Caso Cláudio Castro: TSE Conclui Acórdão e STF Decidirá Sobre Eleição para Governador do RJ

Política

Por: De Olho na Notícia Rio 24/04/2026

Impasse jurídico sobre o governo do Rio de Janeiro.

Foto: Divulgação / IA / Impasse jurídico sobre o governo do Rio de Janeiro.

O cenário político fluminense aguarda definições após o TSE (Tribunal Superior Eleitoral) concluir o acórdão que selou a condenação do ex-governador Cláudio Castro por abuso de poder político e econômico. No entanto, o documento traz uma lacuna que mantém o impasse jurídico: a falta de orientação sobre o modelo de eleição para governador-tampão no RJ.
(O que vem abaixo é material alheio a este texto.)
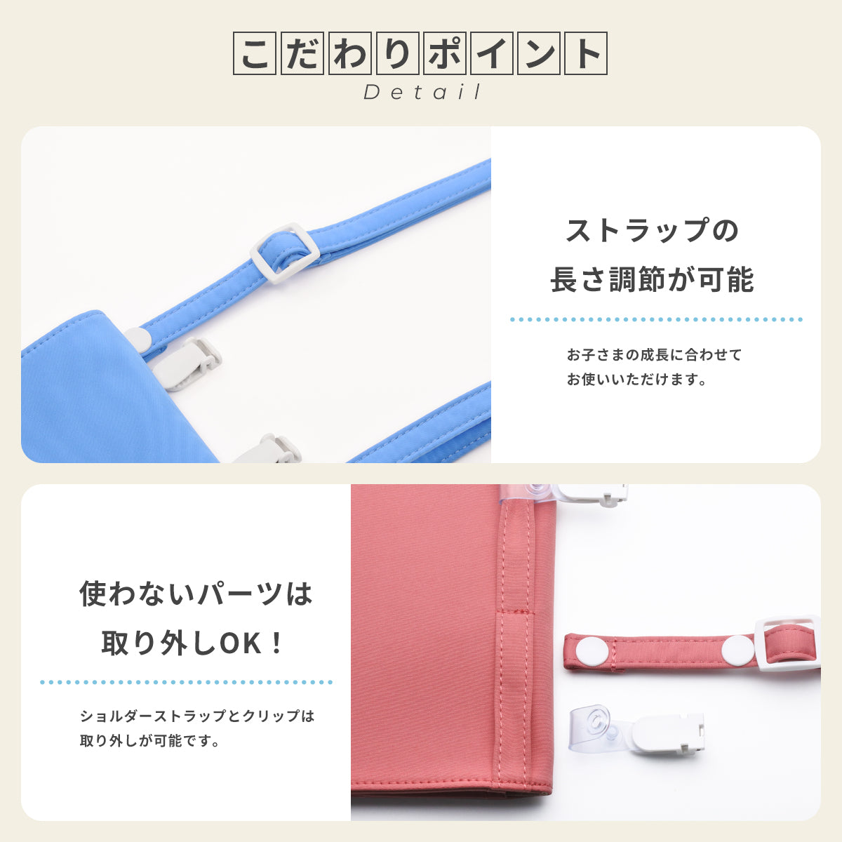 ● こだわりポイント ・ストラップの長さ調節が可能。お子さまの成長に合わせてお使いいただけます。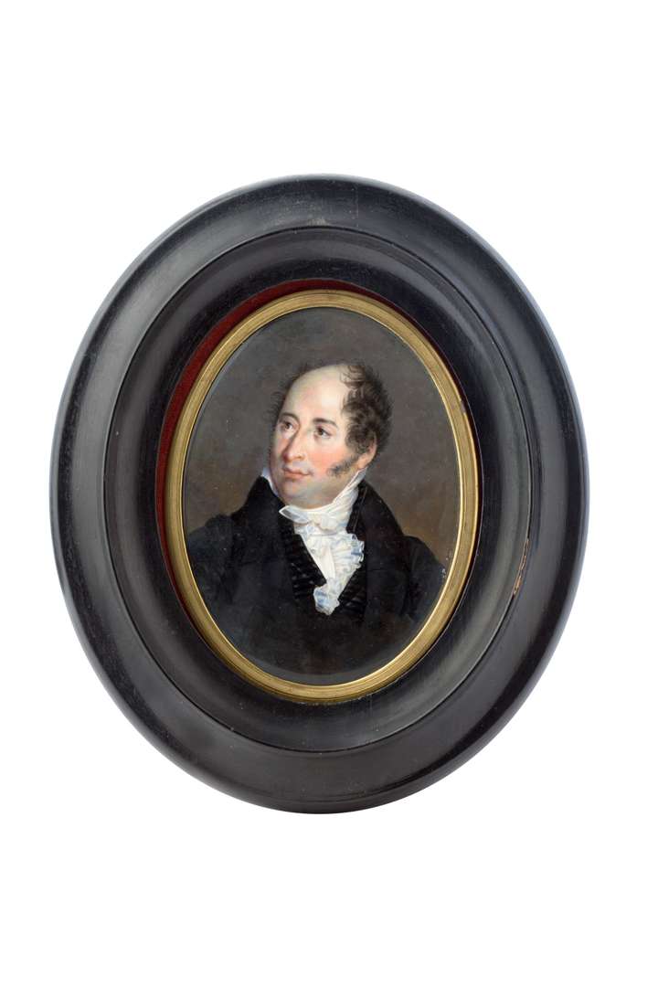 Grande miniature ovale, portrait d'un bourgeois en redingote noire, gilet à rayures et cravate blanche.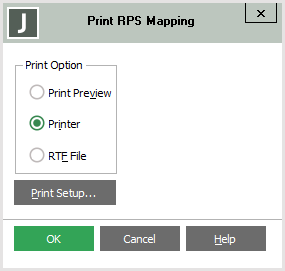 Select the Print command from the Relational menu. The Print RPS Mapping dialog, shown in the following image, is then displayed.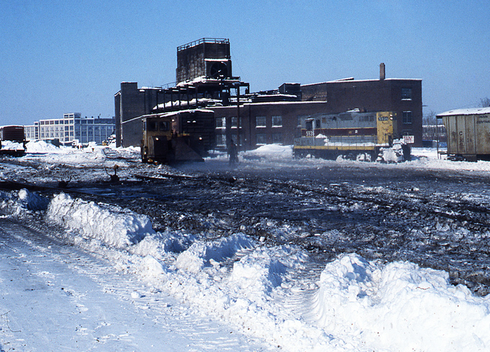 5935 moves thru the East end of Goodman Street Yard while a snow jet crew melts snow at a switch.

O impasse entre eleição direta ou indireta

A grande expectativa gira em torno de como será escolhido o sucessor que ocupará o cargo até o fim de 2026. Atualmente, o julgamento no STF (Supremo Tribunal Federal) apresenta um placar de 4 a 1 a favor de eleições indiretas (realizadas pelos deputados da Alerj).
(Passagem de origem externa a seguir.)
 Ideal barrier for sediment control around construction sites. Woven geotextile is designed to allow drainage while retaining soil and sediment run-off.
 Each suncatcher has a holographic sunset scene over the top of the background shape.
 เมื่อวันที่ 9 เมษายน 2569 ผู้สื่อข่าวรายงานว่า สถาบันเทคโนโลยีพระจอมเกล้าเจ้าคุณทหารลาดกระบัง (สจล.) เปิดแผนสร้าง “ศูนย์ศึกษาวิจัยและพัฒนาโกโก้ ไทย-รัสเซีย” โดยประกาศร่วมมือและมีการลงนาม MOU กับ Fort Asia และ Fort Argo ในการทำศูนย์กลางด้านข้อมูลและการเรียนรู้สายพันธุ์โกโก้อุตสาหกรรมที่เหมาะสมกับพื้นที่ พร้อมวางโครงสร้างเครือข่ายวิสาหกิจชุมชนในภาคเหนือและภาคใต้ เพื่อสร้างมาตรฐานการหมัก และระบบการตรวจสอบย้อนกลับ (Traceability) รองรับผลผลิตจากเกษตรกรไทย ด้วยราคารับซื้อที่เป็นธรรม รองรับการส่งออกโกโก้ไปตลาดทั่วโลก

Contudo, a análise foi interrompida por um pedido de vista do ministro Flávio Dino, que aguarda o teor completo da decisão do TSE para fundamentar seu voto.

Por que o TSE não definiu o modelo de eleição?

Segundo apurações, o acórdão não deve tratar da forma de escolha do substituto porque esse ponto não foi objeto de debate durante o julgamento da condenação.

Um fator complicador é a renúncia de Cláudio Castro, ocorrida um dia antes da decisão do tribunal. Como ele já não ocupava o cargo, a cassação perdeu o objeto, mantendo apenas a inelegibilidade por oito anos. Se a cassação tivesse ocorrido com ele no exercício do mandato, a tendência jurídica seria a convocação de eleições diretas.

Cenários possíveis para o Governo do RJ:

  • Eleição Indireta: Realizada pela Alerj (opção com maior apoio atual no STF).
  • Eleição Direta: Voto popular (defendida por uma ala minoritária da Corte).
  • Eleição Unificada: Sugestão de alguns ministros para realizar apenas uma votação em outubro, definindo o mandato-tampão e o próximo governador simultaneamente.

Próximos passos e prazos

O acórdão deve ser publicado oficialmente após o feriado de Tiradentes. A partir daí, o ministro Flávio Dino terá até 90 dias para devolver o caso para julgamento. Enquanto a decisão final não ocorre, o desembargador Ricardo Couto permanece interinamente no comando do estado.